Your answer should hold only the lines from the one with "本研究开发一套基层智能化人员" through the end of the records, repeated exactly and minus any pictures.

Data extracted from a collection
+--

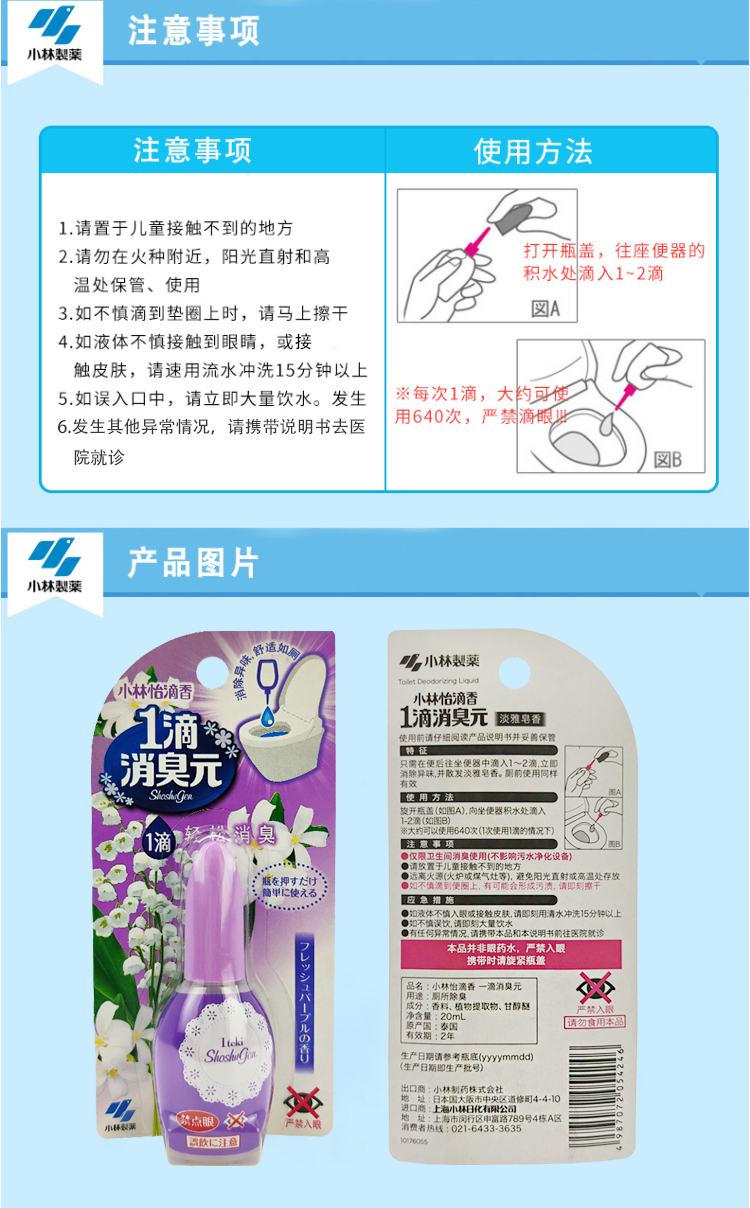 小林制药马桶厕所卫生间除臭剂去异味一滴消臭元淡雅皂香20ml (单位:瓶) 紫色
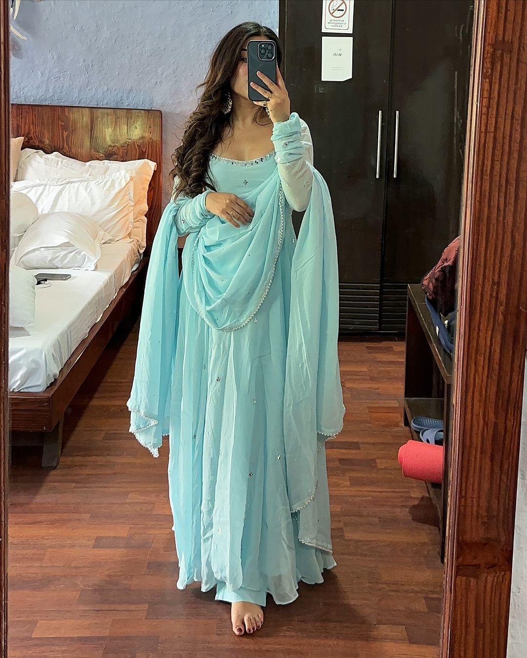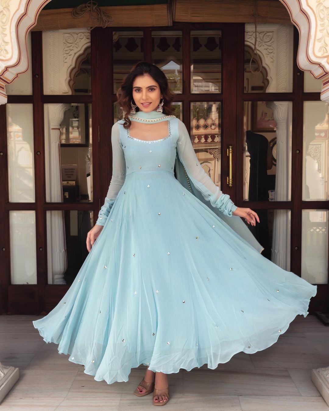 Discover a stunning way to elevate your ethnic wardrobe with our Niya Sky Blue Georgette Embroidery Anarkali Gown Set. Made with high quality georgette fabric, this elegant suit set boasts intricate embroidery for a touch of traditional charm. Perfect for any occasion, it offers unmatched style and comfort.
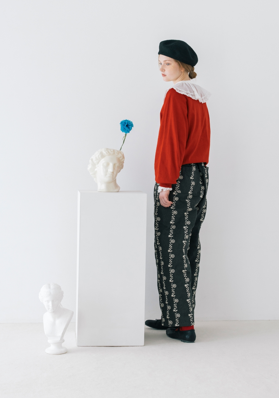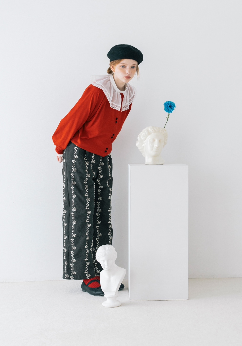 ちょっぴりおめかしをして美術館へ。大きなエリとベレー帽は芸術家のトレードマーク。カーディガンとソックスも赤に合わせたのが小さなこだわり。モノトーンの中に差し色を入れる、コーデもアート目線でね。
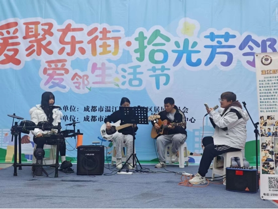 音乐是梦想的翅膀。舞台区域,温江鼓琴堂琴行带来的架子鼓、吉他等乐器演奏,不仅展示了学员们的学习成果,更主动为爱唱歌的居民伴奏,让动人旋律流淌在人们心间。
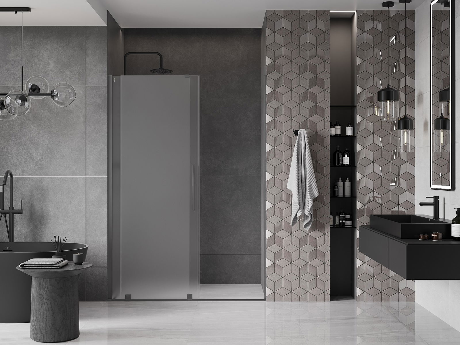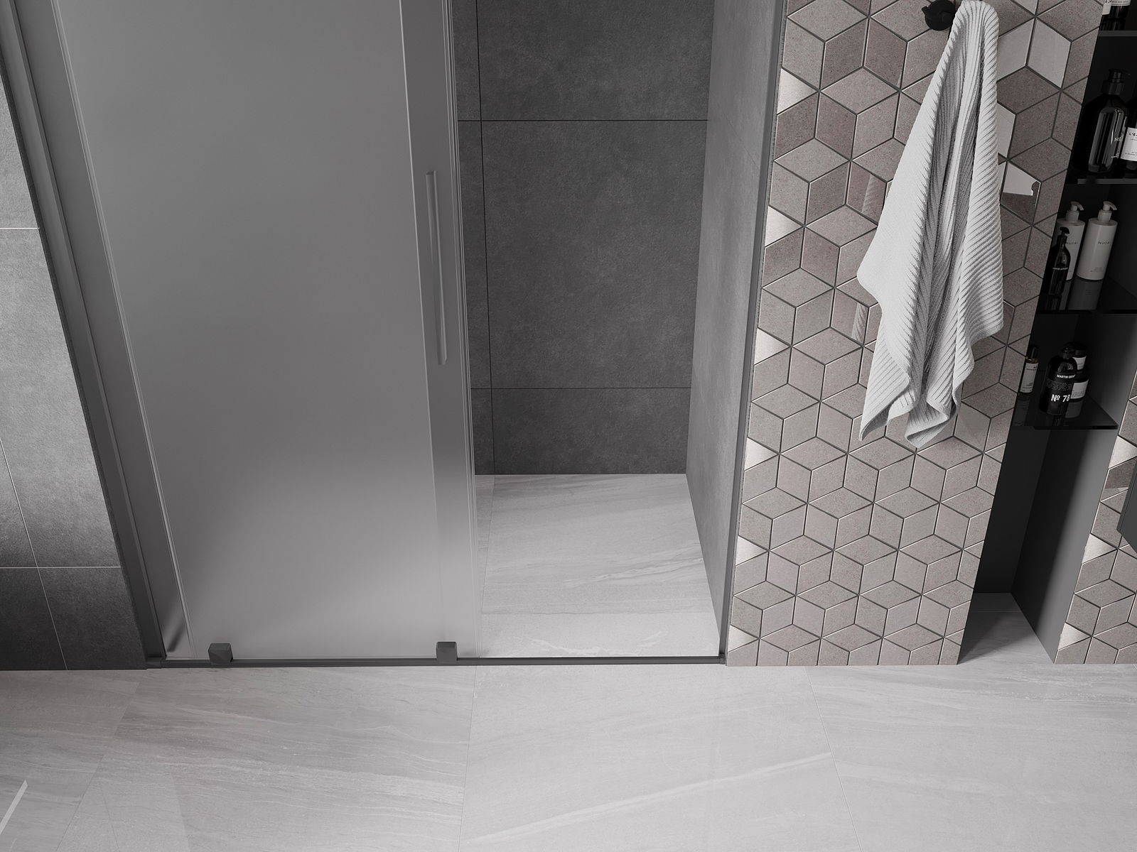 Praktický a pohodlný držiak je vyrobený z nehrdzavejúcej ocele. Módny tvar v kombinácii s povrchovou úpravou prispôsobenou farbe profilov dodáva celej konštrukcii moderný a štýlový vzhľad, podčiarkujúc estetiku každej kúpeľne.
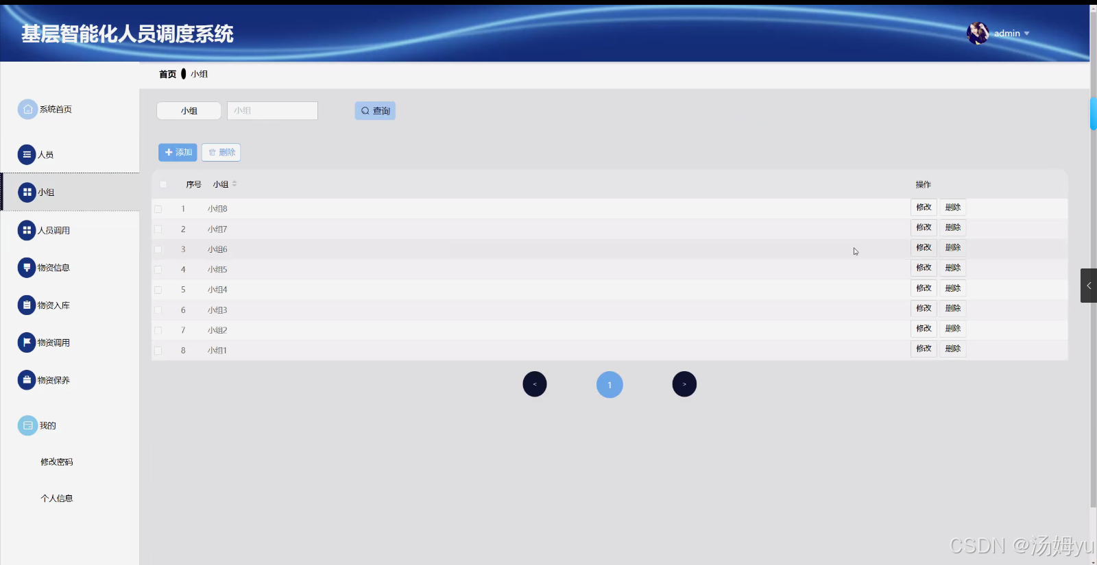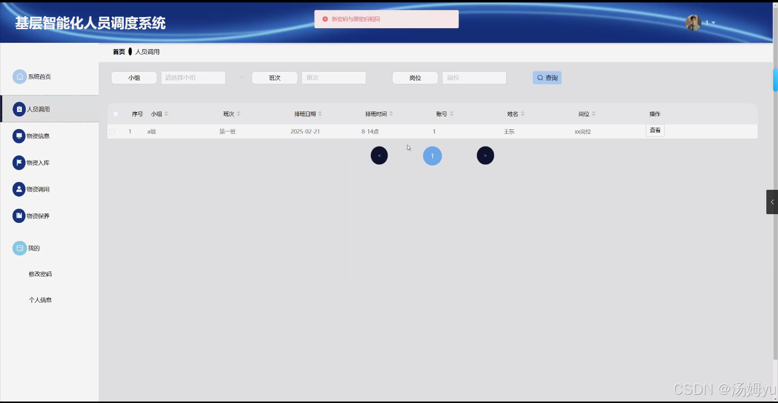 本研究开发一套基层智能化人员调度系统,以满足基层单位在人员管理和物资调配方面的高效化、智能化需求。系统的核心功能围绕人员与物资的全生命周期管理展开,涵盖了系统首页、人员管理、小组划分、人员调用、物资信息、物资入库、物资调用、物资保养以及个人中心等模块。系统首页作为用户交互的入口,提供直观的操作界面和实时信息展示,使管理者能够快速了解当前人员排班、物资库存等关键信息。在人员管理方面,系统通过详细记录人员的基本信息、岗位技能、排班记录等,实现对人员的精准调配和动态管理。小组功能则进一步优化人员管理,支持将人员按业务需求或任务类型划分为不同小组,便于集中管理和协同工作。人员调用模块能够根据任务需求和人员能力,自动或手动调整排班计划,确保人员安排的合理性和高效性。在物资管理方面,系统通过物资信息模块详细记录物资的基本属性、库存数量、存放位置等信息,为物资的精细化管理提供基础数据支持。物资入库模块实现了物资采购后的快速登记和入库管理,支持批量操作和入库说明记录。物资调用功能则允许用户根据需求快速调配物资,并记录调用时间、数量和目的地,确保物资流转的可追溯性。物资保养模块则针对物资的维护需求,记录保养周期、保养内容和责任人,延长物资使用寿命并保障物资质量。系统还设有"我的"模块,为用户提供个人操作记录、权限管理等功能,提升用户体验。本研究通过整合人员与物资管理的各个环节,借助智能化技术手段,为基层单位打造一套高效、灵活且易于操作的管理系统,推动基层管理的现代化进程。
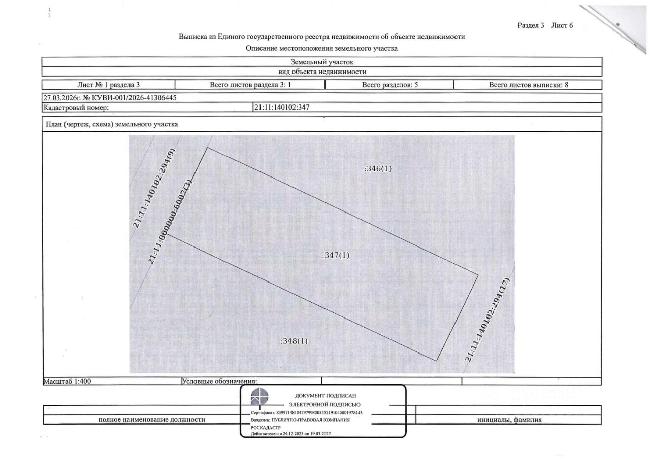 земельный участок, площадью 1041 кв.м., с кадастровым номером 21:11:140102:347, расположенного по адресу: Чувашская Республика - Чувашия, Канашский муниципальный округ, д. Большие Бикшихи
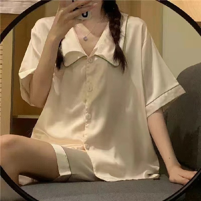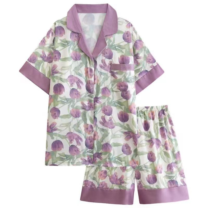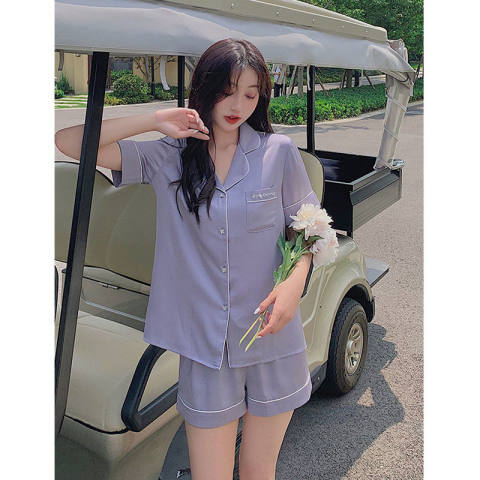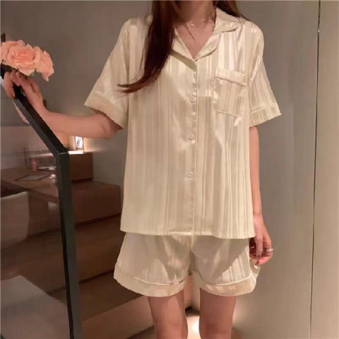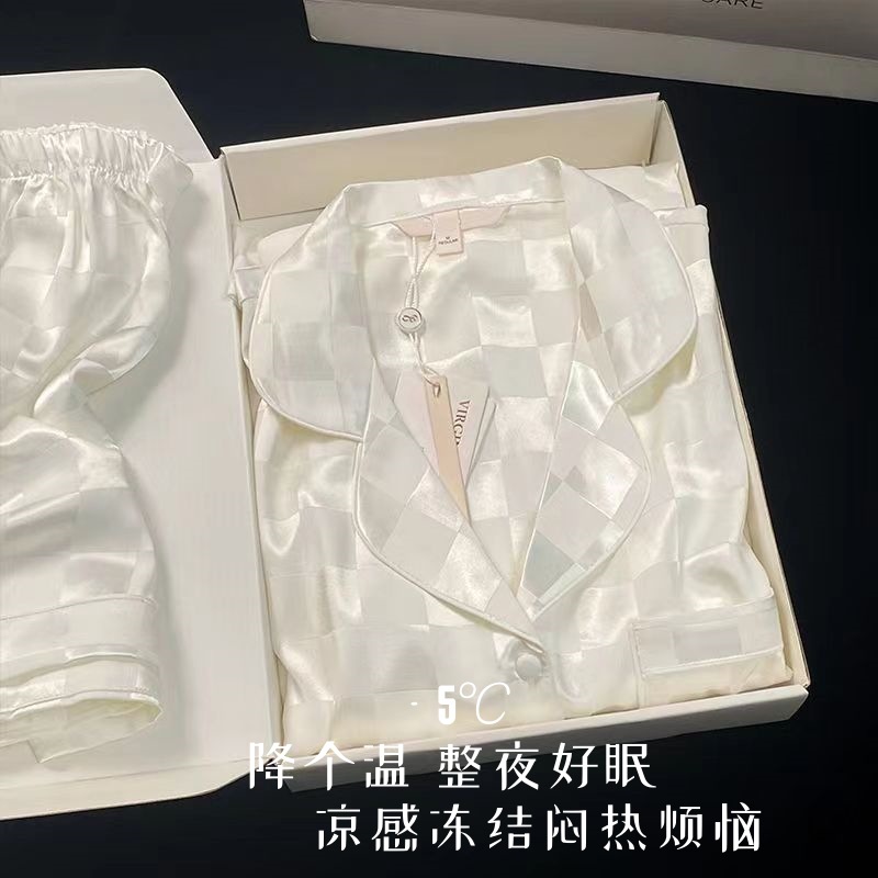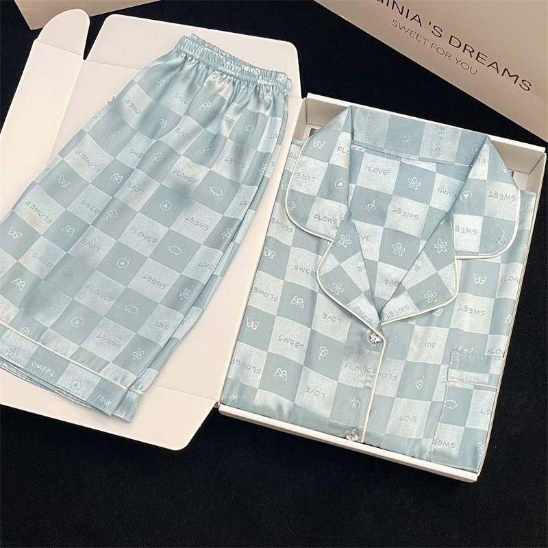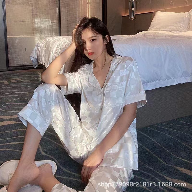 여성을위한 뜨거운 판매 국경 간 대외 무역 잠옷 봄, 가을 자카드 얼음 실크 인터넷 연예인 국경 간 ins 긴팔 한국 스타일 가정 의류
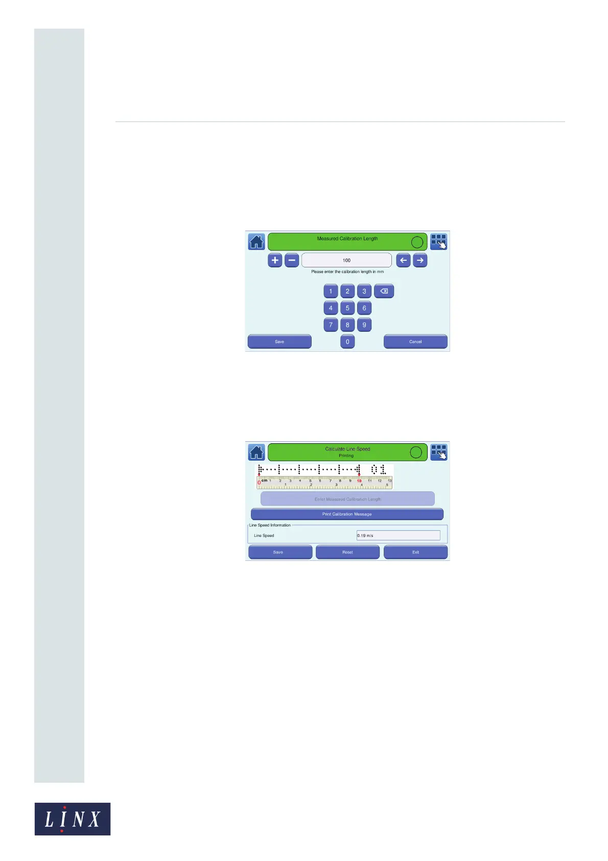 printer calculates the line speed from the entered measurement and displays the Calculate
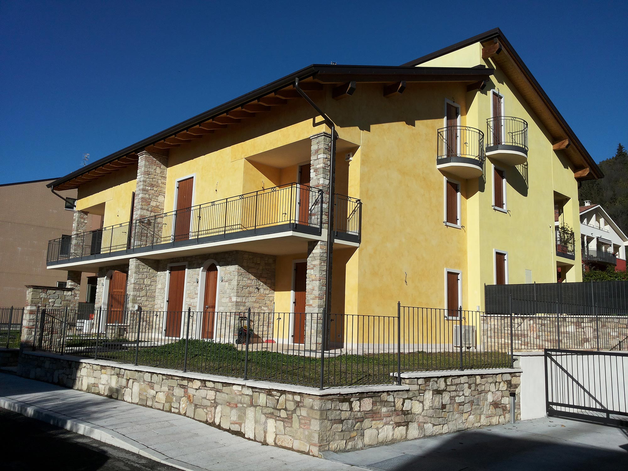 Immersa nelle colline della Valpolicella troviamo la bifamiliare certificata CasaClima classe A.Particolare attenzione con studi preliminari con riferimento a pareti isolate e rivestite in pietra locale. Ottimi i risultati ottenuti durante le prove di tenuta all’aria tramite il blower door test. Massima soddisfazione dei committenti.

+--

**Answer space**
 本研究开发一套基层智能化人员调度系统,以满足基层单位在人员管理和物资调配方面的高效化、智能化需求。系统的核心功能围绕人员与物资的全生命周期管理展开,涵盖了系统首页、人员管理、小组划分、人员调用、物资信息、物资入库、物资调用、物资保养以及个人中心等模块。系统首页作为用户交互的入口,提供直观的操作界面和实时信息展示,使管理者能够快速了解当前人员排班、物资库存等关键信息。在人员管理方面,系统通过详细记录人员的基本信息、岗位技能、排班记录等,实现对人员的精准调配和动态管理。小组功能则进一步优化人员管理,支持将人员按业务需求或任务类型划分为不同小组,便于集中管理和协同工作。人员调用模块能够根据任务需求和人员能力,自动或手动调整排班计划,确保人员安排的合理性和高效性。在物资管理方面,系统通过物资信息模块详细记录物资的基本属性、库存数量、存放位置等信息,为物资的精细化管理提供基础数据支持。物资入库模块实现了物资采购后的快速登记和入库管理,支持批量操作和入库说明记录。物资调用功能则允许用户根据需求快速调配物资,并记录调用时间、数量和目的地,确保物资流转的可追溯性。物资保养模块则针对物资的维护需求,记录保养周期、保养内容和责任人,延长物资使用寿命并保障物资质量。系统还设有"我的"模块,为用户提供个人操作记录、权限管理等功能,提升用户体验。本研究通过整合人员与物资管理的各个环节,借助智能化技术手段,为基层单位打造一套高效、灵活且易于操作的管理系统,推动基层管理的现代化进程。
 земельный участок, площадью 1041 кв.м., с кадастровым номером 21:11:140102:347, расположенного по адресу: Чувашская Республика - Чувашия, Канашский муниципальный округ, д. Большие Бикшихи
 여성을위한 뜨거운 판매 국경 간 대외 무역 잠옷 봄, 가을 자카드 얼음 실크 인터넷 연예인 국경 간 ins 긴팔 한국 스타일 가정 의류
 printer calculates the line speed from the entered measurement and displays the Calculate
 Immersa nelle colline della Valpolicella troviamo la bifamiliare certificata CasaClima classe A.Particolare attenzione con studi preliminari con riferimento a pareti isolate e rivestite in pietra locale. Ottimi i risultati ottenuti durante le prove di tenuta all’aria tramite il blower door test. Massima soddisfazione dei committenti.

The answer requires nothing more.